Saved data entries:
▬▬▬▬▬▬

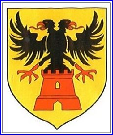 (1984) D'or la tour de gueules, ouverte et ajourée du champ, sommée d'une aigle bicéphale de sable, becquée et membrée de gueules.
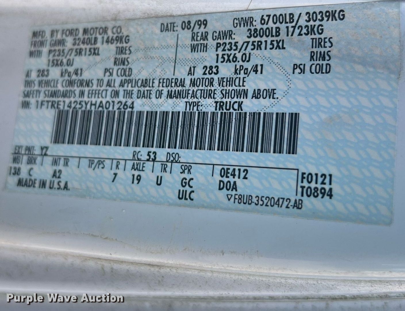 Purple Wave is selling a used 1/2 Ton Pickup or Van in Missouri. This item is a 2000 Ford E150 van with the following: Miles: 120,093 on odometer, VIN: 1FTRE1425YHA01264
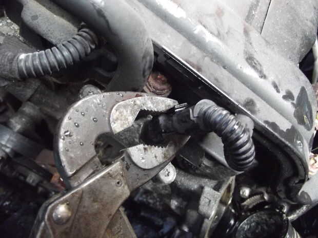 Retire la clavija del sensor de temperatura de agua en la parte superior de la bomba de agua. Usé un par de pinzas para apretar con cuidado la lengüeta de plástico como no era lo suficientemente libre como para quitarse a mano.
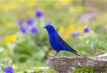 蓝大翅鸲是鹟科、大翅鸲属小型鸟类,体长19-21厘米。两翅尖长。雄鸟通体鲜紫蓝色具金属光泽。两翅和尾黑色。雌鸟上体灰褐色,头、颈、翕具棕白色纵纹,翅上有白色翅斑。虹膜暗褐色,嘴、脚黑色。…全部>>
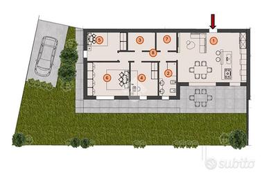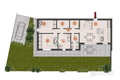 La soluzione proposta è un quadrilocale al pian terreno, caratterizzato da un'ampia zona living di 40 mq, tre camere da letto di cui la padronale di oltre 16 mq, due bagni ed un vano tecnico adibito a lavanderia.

▬▬▬▬▬▬

▶ What is being asked:
Write out, word for word, only the lines from the one containing "Purple Wave is" to the end of the data above; the pictures stay out.

▶ Answer to this task:
 Purple Wave is selling a used 1/2 Ton Pickup or Van in Missouri. This item is a 2000 Ford E150 van with the following: Miles: 120,093 on odometer, VIN: 1FTRE1425YHA01264
 Retire la clavija del sensor de temperatura de agua en la parte superior de la bomba de agua. Usé un par de pinzas para apretar con cuidado la lengüeta de plástico como no era lo suficientemente libre como para quitarse a mano.
 蓝大翅鸲是鹟科、大翅鸲属小型鸟类,体长19-21厘米。两翅尖长。雄鸟通体鲜紫蓝色具金属光泽。两翅和尾黑色。雌鸟上体灰褐色,头、颈、翕具棕白色纵纹,翅上有白色翅斑。虹膜暗褐色,嘴、脚黑色。…全部>>
 La soluzione proposta è un quadrilocale al pian terreno, caratterizzato da un'ampia zona living di 40 mq, tre camere da letto di cui la padronale di oltre 16 mq, due bagni ed un vano tecnico adibito a lavanderia.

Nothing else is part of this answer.